Respect is one of those vital abilities we can start learning in our childhood. It’s obviously not binary (“yes I’ve learned it” or “no I haven’t”). It’s on a continuum and we can always keep improving.
There’s a term called complementarity in systems theory. When people say “opposites attract,” they’re talking about complementarity. If one partner loves the pizza portion and the other partner loves the crusts, that’s complementarity. It’s like puzzle pieces: if the one piece is caved in, it will fit perfectly with a piece that sticks out. Symmetry is where the puzzle pieces go together because they have the exact same straight lines. In symmetry, both partners simply love pizza, period.
Complementarity is where there’s a perfect opposite-ness. Symmetry is where there’s a perfect same-ness.
They are the reasons we fit together as we move through the world. They create a certain balance in a relationship (not necessarily a healthy or sustainable balance, but a balance nonetheless).
Back to respect.
Respect is one of the lines around our personalities that determine the shape of our puzzle piece and what kind of people we fit best with.
Since it’s an ability (like everything else) it’s not a static line. It’s a skill. The line can be moved. In addition, it potentially aims in both directions: an “inward” respect (self-respect) and an “outward” respect (towards other people, laws of nature, etc).

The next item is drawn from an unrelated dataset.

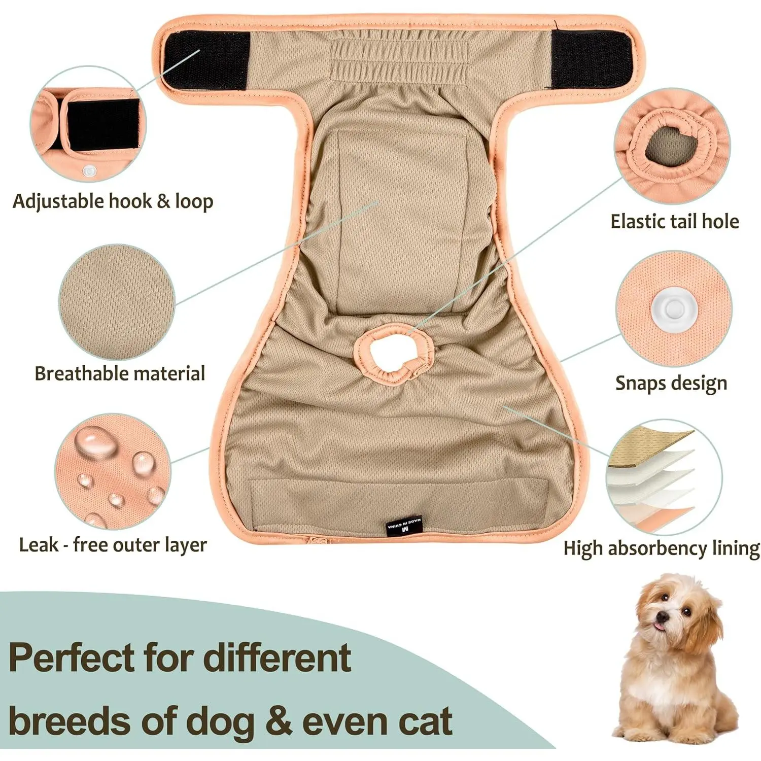 Multi-purpose and : This female diaper for peeing can be for female dogs in heat, untrained puppy , dogs with , female dogs with birth control, , and urinating excitement. It helps keep your dry and comfortable. We designed the lining color to be khaki. The period diapers for females do not you from checking your 's urination promptly, and it also protect the 's pants from being stained by stains and

A quick and rough template to make the respect-skill visible:
Regarding adults: it can be summed up by being ok with difference – not being offended if someone has a different view – not trying to conquer the other person’s view to make it more like your own – not feeling an automatic need to change/hide your own view if it meets opposition.
Regarding parenting: it’s not trying to control your child. You still want to shape your child, yes, but you shape them best by controlling what’s in *your* control. You don’t try to over-power them. You leave them a sense of choice with a clear description of things *you* will do (or not do) depending on what choices they make. This teaches them respect. It teaches them worth: the worth of others, relationships, decisions, and self-worth. It teaches them creativity and responsibility: how their choices create results. It teaches them to look for feedback loops, many of which come from nature. It makes them thoughtful and full of care. If you use your power to over-power your child, you create a funky shaped puzzle piece; a shape that has a hard time learning the skill of respect.
Please notice how, in both examples – the adulthood one and the parenting one, it’s about the use of power. Respect, power, and violence are a part of the same package.
Done with groundwork. The main point I’d like to illustrate:
If we didn’t learn a large dose of respect in childhood, we have some work to do in order to re-balance. We’re probably either too “respectful” of other people (letting people harm us) or we’re too “respectful” of ourselves (doing harm to others).
They’re both in quotes because it’s not a balanced, healthy picture.
In ultimate respectfulness, when our respect-ability is pulsing vitally in both directions, we are careful (1) not to harm others and (2) not to be harmed. If our puzzle-piece-shape is one of the two versions in quotes (even though it kind of looks like “respect”) there’s too much harm happening. Those are shapes that leave us lonely, confused, and/or hurt because we can’t nestle up comfortably in the puzzle. One of our primary needs isn’t met: a sense of belonging.
The point of these words is to show how deceptive those two versions are. They look like respect… but they aren’t whole. They aren’t balanced. And we can really mess ourselves up by leaving the respect-skill underdeveloped (leaning heavily in one direction) because it’s a skill that goes right down into one of our primary needs.